About the CSRF token, I think Miva support mentioned the same thing to me when I was discussing ReCaptcha with them on the ticket I opened when I was trying to stop the fake account creation. I don't know much about CSRF, but the response from ILoveHostasaurus on this thread doesn't seem to indicate that it has much to do with validating human vs bot. In my situation it did nothing to stop the fake accounts from being created on the site I was working on at the time. To be honest, I thought at the time that the Miva support reps were just kind of hoping that the CSRF token would do something that (from what I can tell) it's not intended to do

Just want to thank Mike521w for sharing his module code and answering all the questions. I haven't installed the module but I did appreciate reading the code and learning from it.

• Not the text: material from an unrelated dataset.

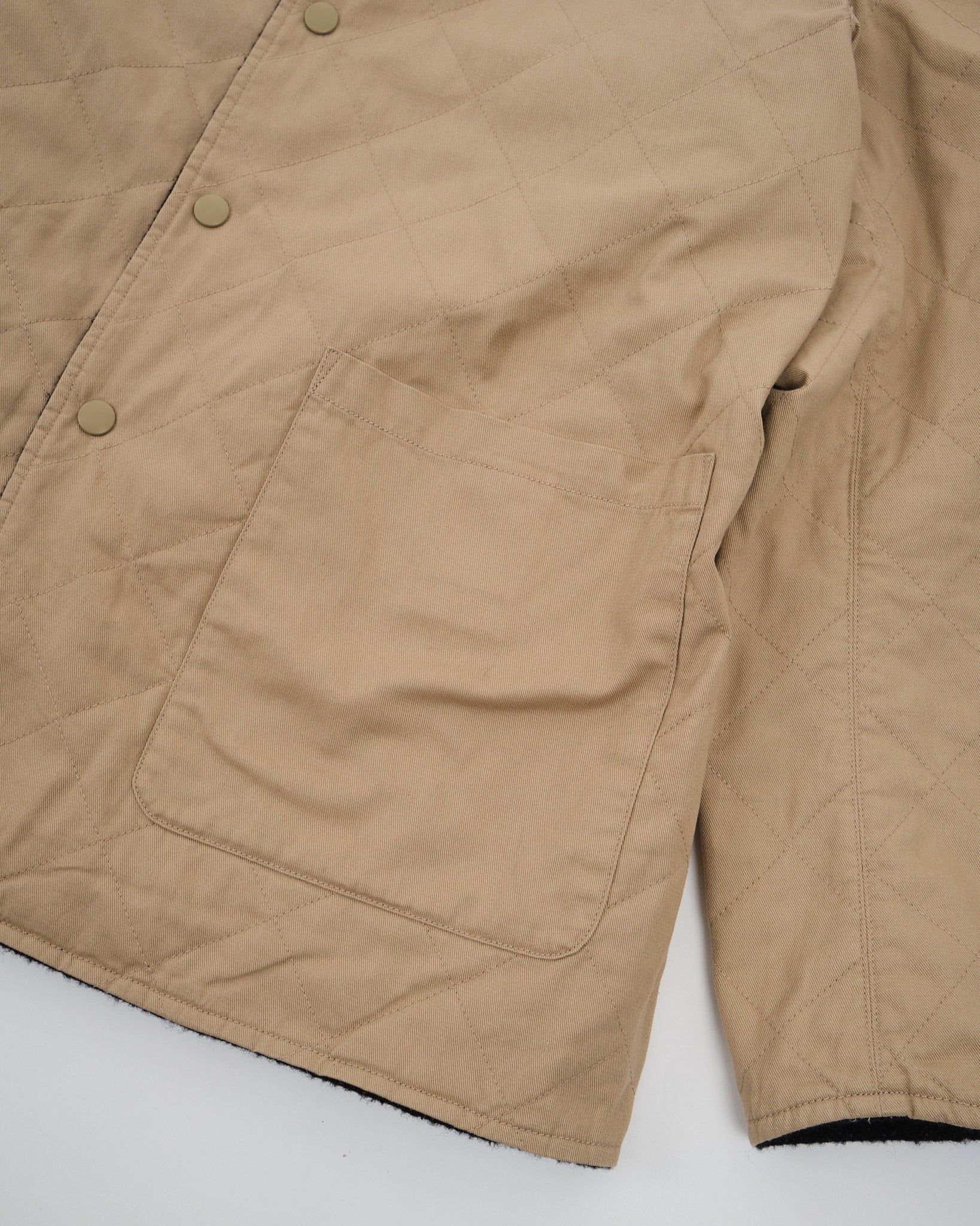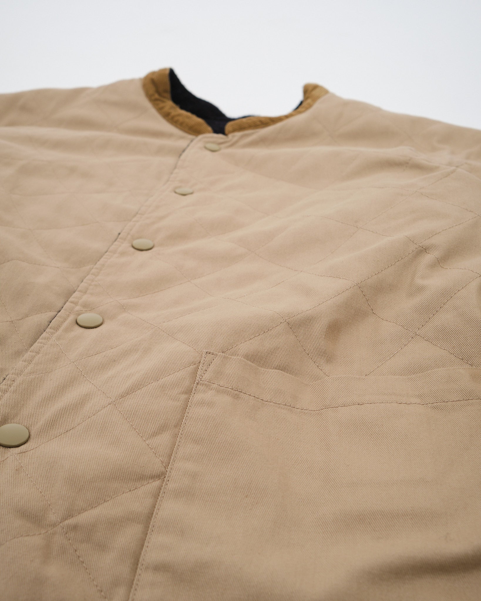 Arricchisci il tuo guardaroba con la Giacca Reversibile Nanamica in Navy, un perfetto equilibrio tra classico e contemporaneo. Ispirata al design equilibrato del tradizionale abbigliamento da lavoro americano, questa giacca con colletto alla coreana presenta una silhouette rilassata che emana un'eleganza sobria.

CSRF tokens are an extra bit of validation that prevents cross site scripts from forging first party cookies. Yet, a sophisticated bot can penetrate CSRF. GoogleReCaptcha works but as you know needs to be validated on the server. Your module is the only and best solution.

I know that you have invested a lot of time in this thread and it is sometimes a thankless job -- but THANK YOU!

alphabet no problem, I'm glad it's helpful so far! : )

Just an additional thought for the thread. Cloudflare, even the $20/mo plan, allows you to create custom web application firewall rules and apply them to specific URI's. A very useful first step for sites that are being attacked with credential testing is the ability to place a javascript challenge in front of the customer login page alone; legit customers who click on it will see a 'testing your browser' screen for a few seconds then the login page will appear like normal. Most bots cannot make it past that because they don't behave like real browsers, and then real shoppers don't have to deal with the captcha hassle. You can also dial up captcha as an option, without code changes on the site side.

Also have the shadow theme and discovered 100's of weird customer accounts tonight. The name looks like parts of encryption. No address. Is the new miva 10 able to do something about this?

It would be possible to add a recaptcha to that screen; this is not a built-in feature of the account login screen, so would require adding some code to the page rather than a checkbox. Personally I'm not a big fan of that option because it could inconvenience some shoppers. The cloudflare option where you could apply the few second javascript-based browser check to your account registration URL would be preferable because there's no click here to confirm you're a human, or check which boxes contain traffic lights.

Where are we at with this? We're getting slammed with fake registrations. Is there some convenient, effective solution to stop this?